Short-Term (0-1d) Straddling

Discussion in 'Options' started by shortorlong, Feb 21, 2008.

  1. I'm looking at straddles as a daytrade mechanism (sometimes only a few minutes in length, upto a few hours).

    I wonder, what are some characterstics / signals for the underlying stocks that you would look for to find candidates.

    I'm thinking of the following so far:

    1) Price change over small time period (5 minutes)

    2) Low implied volatility (is this good or do I want high? I'm thinking low for sure)..


    What other characters in combination for the underlying would suit?
  2. I don't know what kind of a price change you're expecting in a few minutes or hours, but I can't imagine it would be enough to make a straddle profitable.
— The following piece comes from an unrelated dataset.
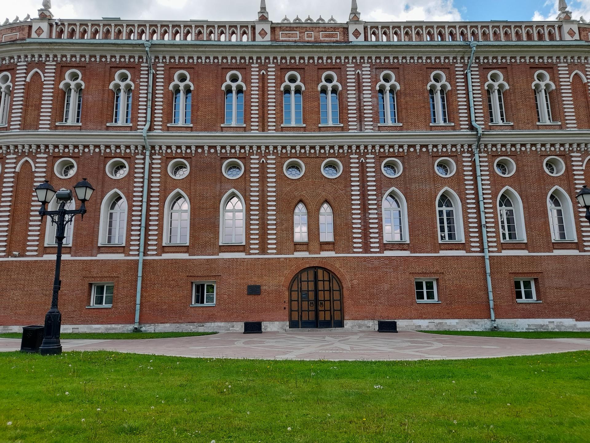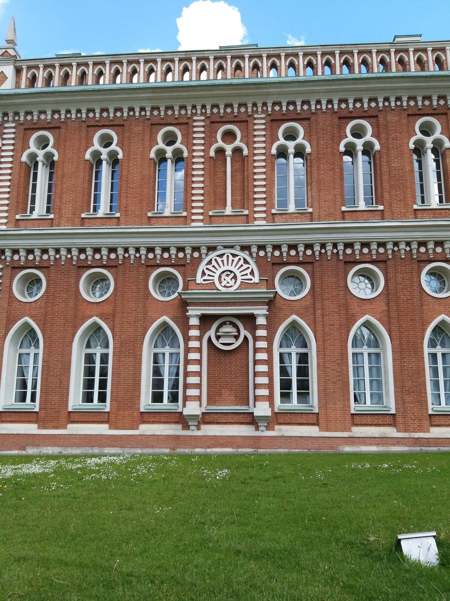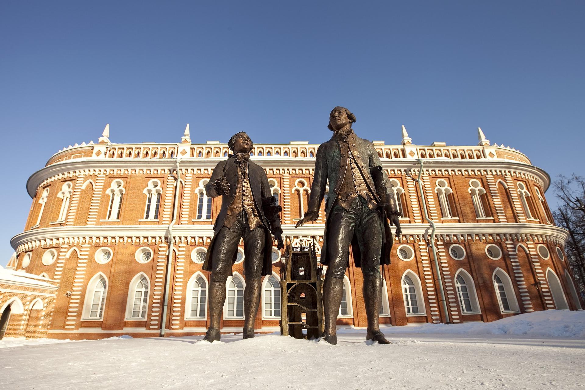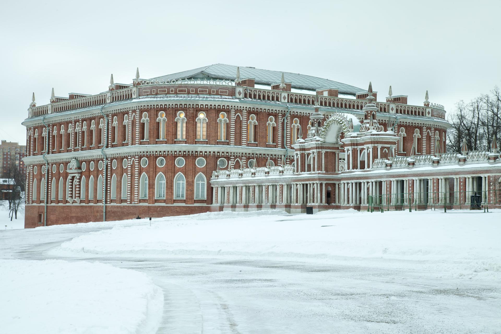 Перед нами самое крупное сооружение царицынского ансамбля — кухня императрицы Екатерины. Официально — «Кухонный корпус», а на жаргоне императорской обслуги — «Хлебный дом». Во время постройки Царицына архитектор Василий Баженов придумывает замаскировать хозяйственный блок под средневековый замок. Так здание будет меньше выбиваться из общего стиля. Баженов строит кухонный корпус в виде исполинского куба с закругленными углами. В постройке он отказывается от местных стройматериалов в пользу более влагоустойчивого белого камня из Хорошевских каменоломен. Фасады Баженов украшает эмблемой в виде каравая и солонки. Над ними – вензель из букв «Х» и «С» («хлеб» и «соль»).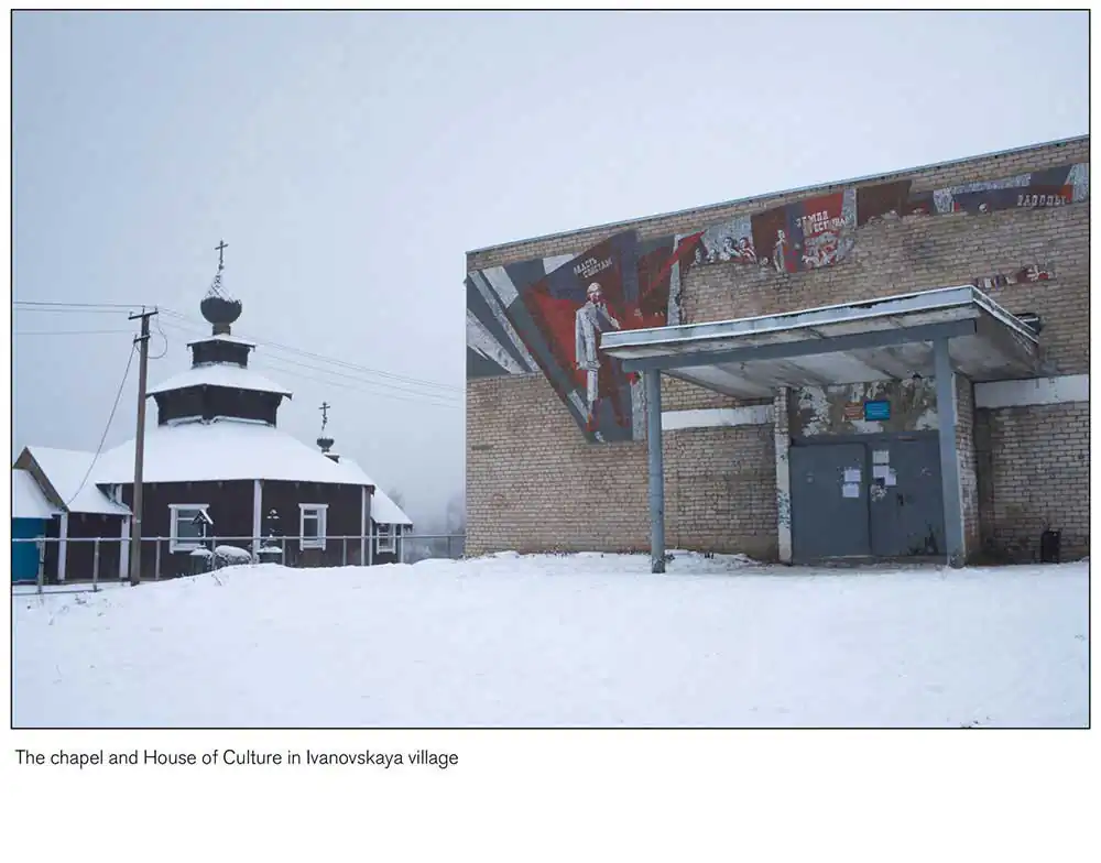 Besides, George helped organize the restoration of the roof of a local school and promoted the construction of a chapel near a Soviet-era House of Culture. The slogan „Power to the soviets, land to the peasants, mills and factories to the workers“ still can be read on the remains of the mosaic on the building.

    ATM straddles are initially delta-neutral, which means they're slow out of the gate when the stock moves. Even when you get farther from the money, you don't have a whole lot of delta to start with. Also, you'll have a dime or two of slippage on each leg. You're probably looking at a move of 50-60 cents or more just to break even, all told.

    If you know a stock is going to move that far in that short a time period, but you still can't pick the direction well enough to trade the stock long or short, I'd love to know where you get your predictions from.
  3. I'm still new at this but what I wanted to do was find a way to play volatility.

    I see daytraders range-trading throughout the day on high-volatility. The extra volatility allows the swings to be wide enough to beat the commission/spread.

    Since my account is still very small, I wanted to look at leveraged volatility plays, to get bigger swings to beat the commission more. That led me to options, and specifically straddles / strangles.

    So, the (very basic) premise is that instead of buying 1000 share lots of stocks and trading on the pennies (which I can't do), I could perhaps use option leverage to beat the commish.

    No good?

    I guess I could abandon straddles, and try a daytrading option strategy with straight puts/calls (this is more similar to what I see daytraders doing with equities - only one direction..)
  4. Short,

    One thing you can do is put on a straddle in a name before they announce their earnings. You can look at past earnings history data and see how much it moved on average (giving more weight to the recent moves).

    Then evaluate the industry and see how other names have been moving in the current earnings period. Try to find highly correlated stocks with the one you're looking at it and see how it moved on earnings.

    If you pick the good ones, you can make an absolute killing. The caveat is that if it doesn't move on earnings, you'll get smoked (lose a ton of premium). So be careful, its not for the faint of heart.

  5. problem with options is 2 fold. 1) options are'nt that liquid,2)the spreads can be very wide.
  6. You could focus on earnings announcements, Fed Funds rate announcements and option expiration when premium decay is likely to be highest.
  7. or a combination of them 1) close to option expiration + 2) major news (fed announcement or company earning)

    but it's still one of those strategies where you take many small losses for a few big wins.

    You should get a very good idea and come up with a stop loss (or profit taking) plan by watching the AH actions following the major news release on the day it was announced
  8. I agree that your best play is to straddle/strangle on company earnings announcements.